A 25-year study published recently in Nature Communications has demonstrated that caloric restriction in rhesus monkeys bestowed numerous health benefits by reducing both mortality and age-associated diseases. These results contradict an earlier study which reported no differences in survival rates, but the scientists also believe they have an explanation for this.
Restricted calorie intake whilst maintaining a continued supply of essential nutrients has been demonstrated previously to increase the longevity of several different organisms, from unicellular yeast to mice and fruit flies. Alongside a longer lifespan, this caloric restriction (CR) also delayed the onset of multiple age-related diseases in rodents. In order to gain more translatable information which could infer the effects of CR in humans, researchers turned to monkeys. This is because non-human primates display physiological, anatomical and behavioral similarities to humans. Rhesus macaques, which were used in this study, also display similar aging characteristics to humans such as greying of the hair and loss of muscle tone. Certain diseases which are associated with increased age in humans such as diabetes and bone loss also become more prevalent with aging in these animals.
Researchers from the University of Wisconsin, Madison (UW) used 76 rhesus monkeys for the study which were divided into two groups. In the control group the monkeys were fed ad libitum and received as much food as they wanted, whereas the other (CR) group received a diet containing 30% less calories than what they had been previously eating. The monkeys within the control group had a 2.9-fold increased risk of disease and a 3-fold increased risk of death when compared with the CR group. This is in stark contrast to a previous influential study carried out by the National Institute on Aging (NIA). They also carried out a long-term study on 120 monkeys and found no significant differences between the CR group and the control group.

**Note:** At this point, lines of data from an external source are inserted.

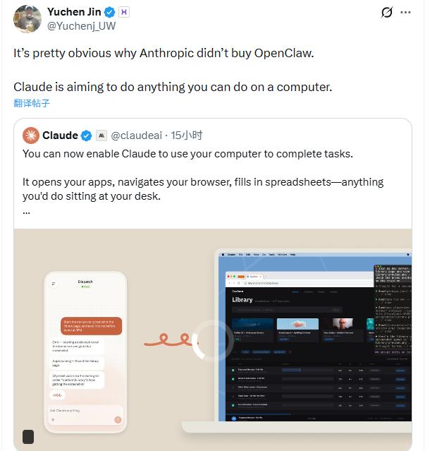 这种“集思广益”的打法,让Anthropic既能享受商业软件的稳定,又能吸纳开源社区的创新养分。正如Hyperbolic联合创始人金宇晨所言,Anthropic没去收购OpenClaw 的原因其实很简单,因为它的目标远不止于一个工具,而是要实现“人类在电脑上能做的一切”。
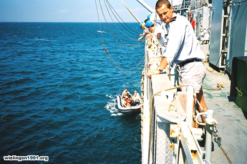 Le blessé grave est ramené du "THEBES" vers le "Wielingen" en zodiac. (
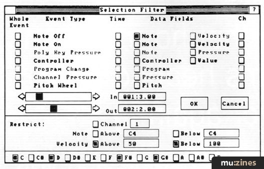 An ingenious device called the Post Operator can work wonders in transforming rough and ready MIDI data into the musical and expressive sounds you would like to hear. And by the way, you can do all this editing while the music continues to play and hear the difference it makes almost instantly. Post Operators let you change a number of selected values by adding, subtracting, multiplying, dividing, or randomising them. For instance, you can add 20 to all the velocities, multiply durations by 1.5, randomise the timing of the event by up to a specified amount. Integral to the use of Post Operators is a Selection Filter (Figure 3), which determines which events will be edited. For example, you might want to add 10 to all the velocities of notes below C3 in bars 2 and 3. The Selection Filter works with MIDI Controllers, Program Changes, and other types of data too.
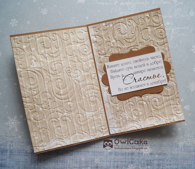 Внутри открытки морозное тиснение и согревающее пожелание.
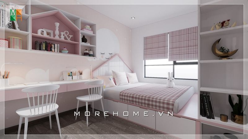 Trang trí nội thất phòng ngủ bé gái xinh xắn, đáng yêu, chiếc bàn học được bố trí trong phòng giúp con có một không gian nghỉ ngơi và học tập thoải mái nhất

The scientists from UW pondered why this could be, and have offered some possible explanations. According to Ricki Colman from UW, her group began working with adult monkeys which meant that they already knew how much food the monkeys wanted to eat; they therefore took this amount as the normal calorie intake and reduced the calories by 30% from this. The NIA, however, based their feeding amounts on a standardized chart issued by the National Academy of Science. The scientists from UW concluded that this resulted in the monkeys in the control group also receiving a reduction in calories, which could explain why no differences were seen. Colman also found that the control monkeys at NIA weighed less at all times during the study when compared to the monkeys used in the UW study.
Although encouraging and informative, these data should be interpreted with care. One of the authors of the study, Rozalyn Anderson, pointed out that it is important to realize that the results should not be used as a lifestyle recommendation; few people can cope with a constant 30% reduction in calories. "We are not studying it so people can go out and do it, but to delve into the underlying causes of age-related disease susceptibility," she adds. According to Anderson, in the species that have been investigated so far CR causes metabolism to be reprogrammed and affects the ability of the organism to respond to environmental changes.
Although similar data are available from human studies, they are more clinically restricted than monkey studies. Rodent studies previously carried out are also limited in what they can inform us of what is happening in humans. The authors propose that the benefits of CR on aging are conserved among primates, and suggest that the advances from this study will translate directly to human aging and health.